Cara Valle
Baby Shower
"Strength and dignity are her clothing;
she can laugh at the days to come."
~Proverbs 31:25
Baby shower:
soft pastels
sugarcoat
the coming toil.
Coffee, tea,
pink lemonade,
tissue paper,
crudité,
finger-painted
hands and feet,
footed jammies —
aren't they sweet?
Teething biscuits,
Goodnight Moon —
her life will be
in shambles soon.
Baby carrots,
baby corn —
we're here to comfort
and to warn.
Strawberry shortcake,
guessing games —
the shades of darkness
all have names.
Baby blankets,
baby blues,
ambivalence
with curlicues,
organic cotton,
beeswax balm:
it burns like hell
to be a mom.
Cloth diapers,
Sophie the Giraffe —
we tell our birthing tales
and laugh…
Photo Album
This is a black, faux leather dossier
compiled deliberately for thirty years
so that when we flip through it, Mom can say
You had a happy childhood.

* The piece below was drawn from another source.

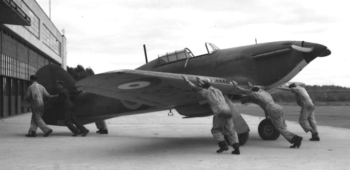 Hawker Hurricane, No. 1 (Fighter) Squadron being pushed into hanger, RCAF Station Ottawa, Ontario, 5 Sep 1939.

See? She steers
attention to my smile petting a sheep,
my poise performing on the violin,
my sweetness as a newborn fast asleep,
my stance in a canoe with teenage grin.
How tragic that I never thought ahead,
while posing for this vital evidence
(red-cheeked in snow, perched on a plastic sled),
to snap some pictures in my own defense.
See Mom? I might have argued, You too smiled.
Your life was more than sacrifice and toil.
You weren’t unfailingly gentle or mild.
But it’s no use trying to amend the file:
the chance to make my flimsy case is gone.
Next week the surgeon will remove a slice
of time’s accretion from her abdomen.
From now on, Mother’s smile is paradise.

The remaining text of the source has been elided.